● **Task description**: Output, exactly and with no pictures, the line that contains "拉薩布達(dá)拉宮對面的金色麥田(2009年8月21日攝)。新華社記者 普布扎西 攝" and every line that comes after it in the data below, the last one included.

● **Input records**:
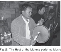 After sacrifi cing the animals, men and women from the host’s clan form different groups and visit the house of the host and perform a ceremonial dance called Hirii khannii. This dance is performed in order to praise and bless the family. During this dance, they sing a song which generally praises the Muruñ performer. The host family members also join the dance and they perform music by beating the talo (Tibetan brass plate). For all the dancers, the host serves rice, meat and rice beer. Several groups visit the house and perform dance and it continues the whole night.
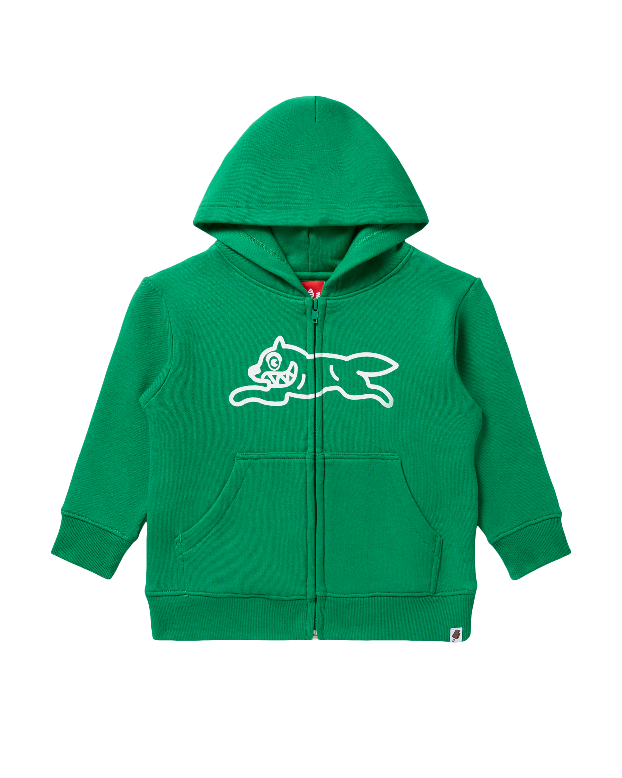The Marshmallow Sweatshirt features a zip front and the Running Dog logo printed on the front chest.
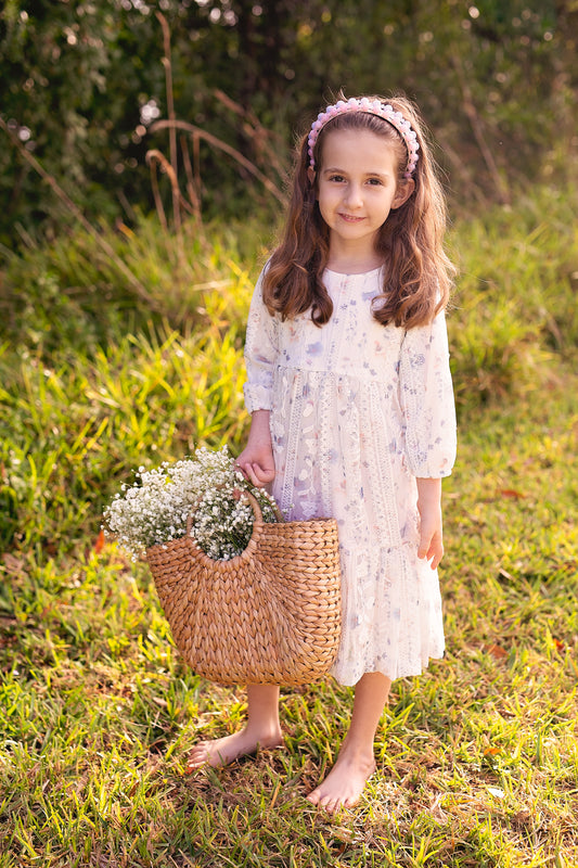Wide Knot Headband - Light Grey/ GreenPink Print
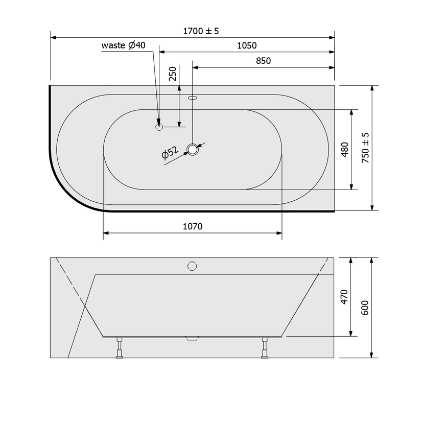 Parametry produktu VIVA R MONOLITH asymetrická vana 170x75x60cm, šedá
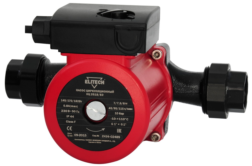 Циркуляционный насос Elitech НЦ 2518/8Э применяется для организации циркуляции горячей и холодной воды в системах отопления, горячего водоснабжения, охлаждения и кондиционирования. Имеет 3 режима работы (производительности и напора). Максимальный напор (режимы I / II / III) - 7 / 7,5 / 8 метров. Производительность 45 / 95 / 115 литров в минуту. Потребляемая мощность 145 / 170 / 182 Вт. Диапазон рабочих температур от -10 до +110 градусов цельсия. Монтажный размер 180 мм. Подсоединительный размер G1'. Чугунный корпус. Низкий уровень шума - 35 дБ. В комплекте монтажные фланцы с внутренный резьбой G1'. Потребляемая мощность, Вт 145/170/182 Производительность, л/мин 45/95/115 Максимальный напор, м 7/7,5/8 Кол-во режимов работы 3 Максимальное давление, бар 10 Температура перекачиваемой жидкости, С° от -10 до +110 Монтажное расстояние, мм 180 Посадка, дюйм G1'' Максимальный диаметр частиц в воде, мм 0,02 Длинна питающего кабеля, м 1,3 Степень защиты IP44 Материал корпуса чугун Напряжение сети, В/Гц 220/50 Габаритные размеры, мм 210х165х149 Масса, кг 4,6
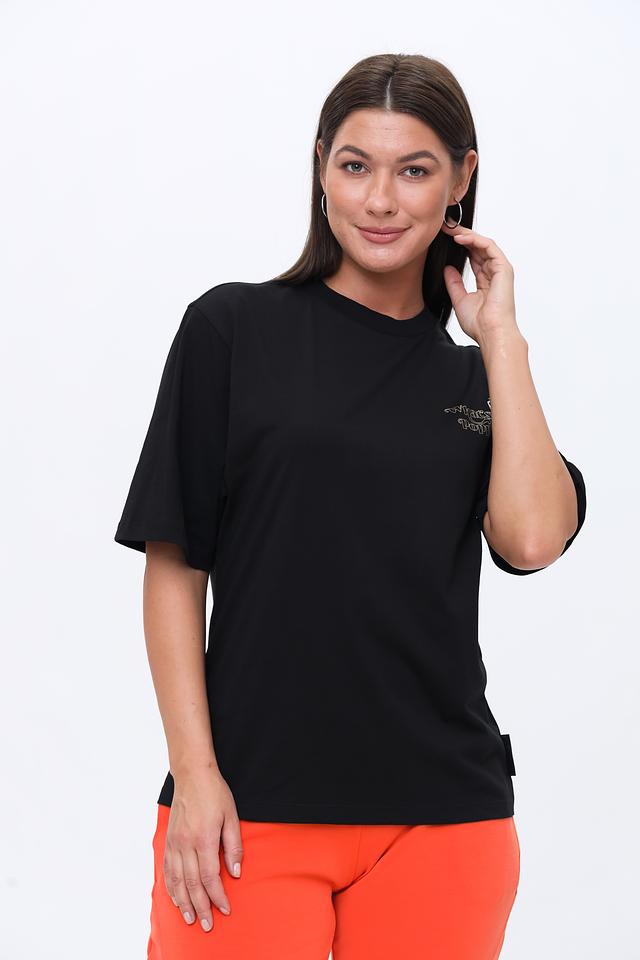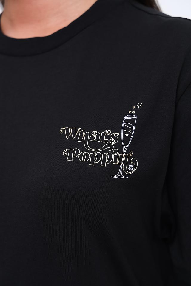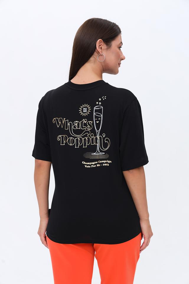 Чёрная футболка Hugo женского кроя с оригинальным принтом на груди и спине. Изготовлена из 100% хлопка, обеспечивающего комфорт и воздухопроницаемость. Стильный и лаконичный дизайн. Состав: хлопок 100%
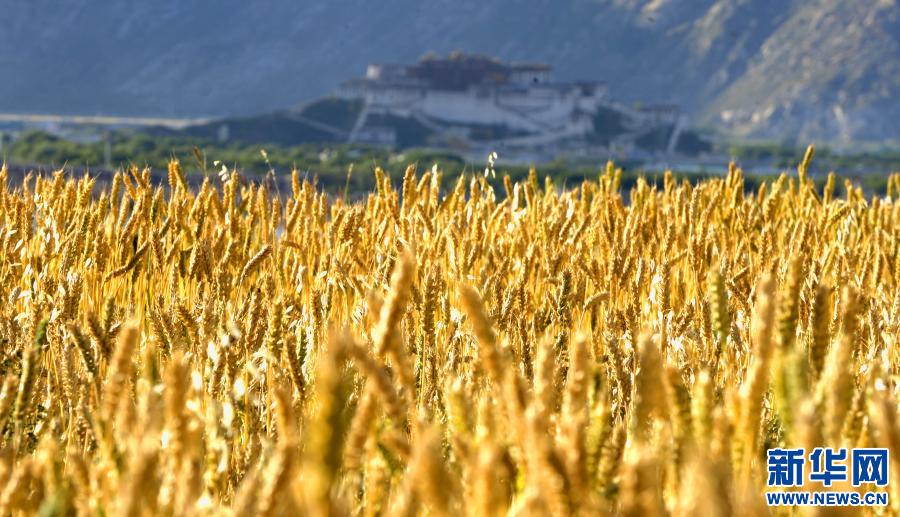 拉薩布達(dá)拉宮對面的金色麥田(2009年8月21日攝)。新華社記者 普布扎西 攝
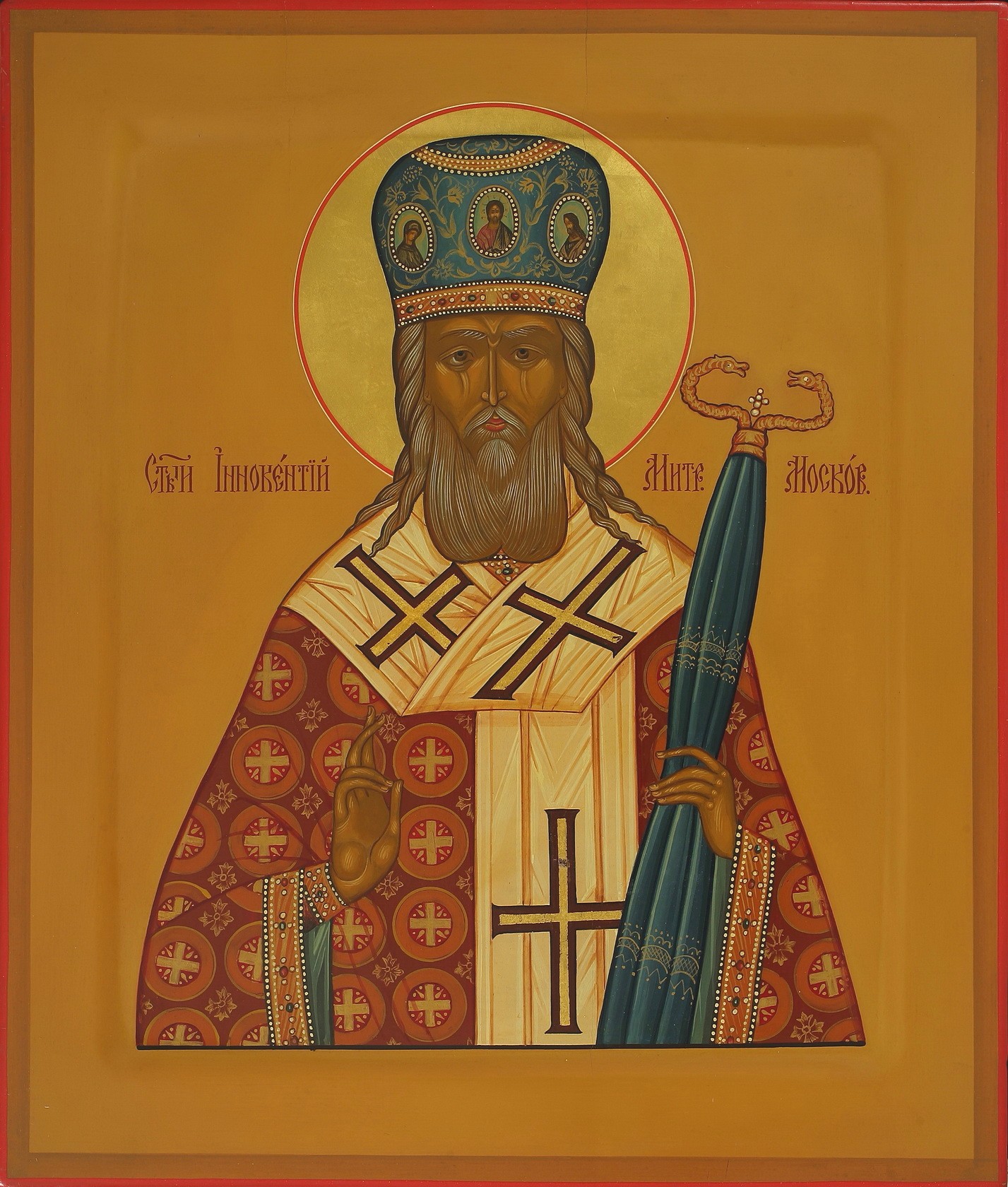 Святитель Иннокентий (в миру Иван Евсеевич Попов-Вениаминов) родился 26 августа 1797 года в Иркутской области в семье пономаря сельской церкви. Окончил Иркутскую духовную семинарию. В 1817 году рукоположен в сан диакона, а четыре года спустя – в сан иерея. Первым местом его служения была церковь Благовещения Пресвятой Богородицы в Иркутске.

● **Task solution**:
 拉薩布達(dá)拉宮對面的金色麥田(2009年8月21日攝)。新華社記者 普布扎西 攝
 Святитель Иннокентий (в миру Иван Евсеевич Попов-Вениаминов) родился 26 августа 1797 года в Иркутской области в семье пономаря сельской церкви. Окончил Иркутскую духовную семинарию. В 1817 году рукоположен в сан диакона, а четыре года спустя – в сан иерея. Первым местом его служения была церковь Благовещения Пресвятой Богородицы в Иркутске.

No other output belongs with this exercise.